DISADVANTAGE/CHINA

IMPACT: ANGERING CHINA INCREASES THE RISKS OF WAR

A NEW COLD WAR WITH CHINA WILL BREED NEW WARS — EVERY CRISIS POINT WILL BECOME MORE LIKELY TO BREAK OUT INTO WAR

Henry Kissinger, secretary of state under Presidents Nixon and Ford. The San Diego Union-Tribune September 12, 1999, Pg. G-1 HEADLINE: DANGEROUS DRIFT; China and the United States are sliding toward perilous, and unnecessary, confrontation // ln-10/99-acs

A cold war would leave both sides in a classic no-win situation. China's economic progress would be stifled. Historically covetous neighbors might resurrect past ambitions. And, given the present disproportion of power, a military conflict would have grave consequences for China.

At the same time, Beijing would have many political cards to play. The Soviet Union, in the end, stood substantially isolated facing a coalition of all the industrial democracies plus China. But China has traversed its 5,000 years of recorded history by careful calculations of its necessities and great patience. No Asian nation will go along with a confrontational course unless provoked by Chinese pressures. Our European allies will distinguish their policies from ours and blame tensions on American highhandedness. Every crisis point, from Korea to the Middle East, would be exacerbated by a Sino-American cold -- or hot -- war.

NUCLEAR WEAPONS BUILD UP IN CHINA WOULD MASSIVELY INCREASE RISKS OF WAR IN KOREA

Frank Umbach, Senior Research Fellow at the German Society for

Foreign Affairs (DGAP) in Berlin, Jane's Intelligence Review, October 1, 1999 wise to P'yongyang's nuclear blackmail // ln-10/99-acs

Such a long-range missile build-up might not only threaten global and regional MTCR and non-proliferation policies, but may also incite a new arms race in an already complex military-strategic environment in Northeast Asia.
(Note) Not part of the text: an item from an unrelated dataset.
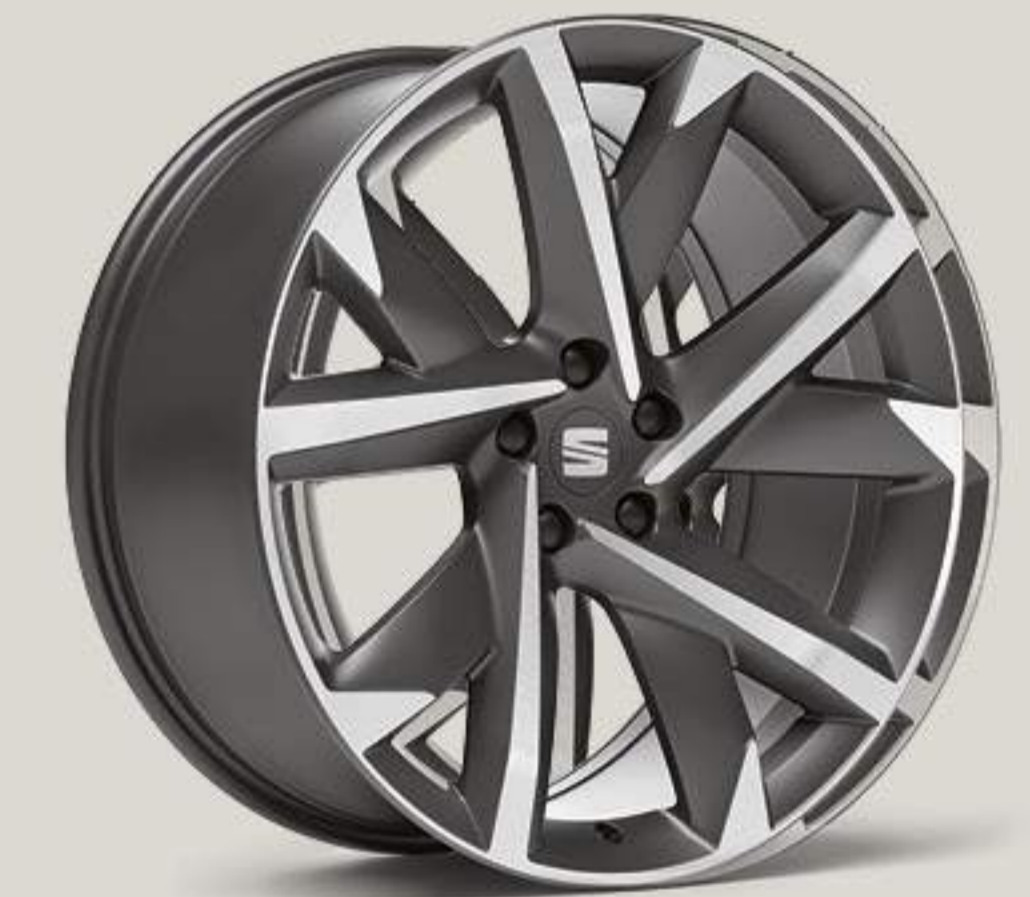
Jantes alliage 20" FR "SUPREME COSMO GREY"

Furthermore, it may undermine crisis stability and conflict management by creating additional incentives for pre-emptive military strike options on both sides of the Korean peninsula.

 

CHINA USES FORCE 72% OF THE TIME TO RESOLVE FOREIGN POLICY CONFLICTS

Frank J. Gaffney Jr. and Thor E. Ronay, Center for Security Policy in Washington. Insight on the News October 04, 1999, Pg. 44 HEADLINE: New China Strategy Should Spur Democracy // ln-acs

Unfortunately, as Harvard China expert Alistair Iain Johnston has documented, China is not afraid to use force, especially if it can do so quickly and decisively in a manner designed to alter the status quo before an opponent can react. Johnston found that since 1949, the PRC has resorted to violence to resolve foreign-policy conflicts 72 percent of the time (in eight out of 10 crises) - a rate much greater than that of the former Soviet Union, to say nothing of democracies such as the United States and the United Kingdom. Even if force is not used by China, its mere threat may be sufficient to achieve the PRC's desired results. Even now, the Chinese have begun to brandish their growing military capabilities to threaten Taiwan and other neighbors and to hint at nuclear attacks on the United States.

TENSIONS BETWEEN CHINA AND THE USA COULD DRIVE AUSTRALIA OUT OF THE WESTERN CAMP

Gary Klintworth, The Straits Times (Singapore) November 15, 1999 SECTION: Commentary Analysis; Pg. 44 HEADLINE: Diplomacy would be helpful // acs-ln-11-19-99

These are key issues affecting the security and stability of the whole Asia-Pacific region. Renewed tension between China and the US over Taiwan could force Australia to choose between its Anzus Treaty obligations to the US and its new-found military relationship with Beijing. Japan might find itself in a similar dilemma.

DEMOCRATIC TRANSITION IN CHINA WILL BE DIFFICULT, AND CHINESE GOVERNMENT WILL ATTEMPT TO MANIPULATE FEAR OF THE USA TO STOP IT

Frank J. Gaffney Jr., president of the Center for Security Policy, April 3, 2001 National Review HEADLINE: What to Do about China //VT2002acsln

Have no doubt: Helping the Chinese people liberate themselves from Communist despotism will be more difficult than was the job of taking down the USSR. The extent of China's penetration of the West is far greater than was true of the Soviet Union; Beijing's influence and agents are much more widespread. Still, part of the reason that Beijing attacked our plane was in furtherance of its classic social-engineering campaign - whereby external threats (even manufactured ones) are used to promote support for the regime and to suppress dissent. The fact that the Chinese are growing increasingly restive is the best hope for making common cause with them in achieving a transformation of China. It is also the best hope for avoiding a conflict with the United States that China's leaders clearly seem determined to foment.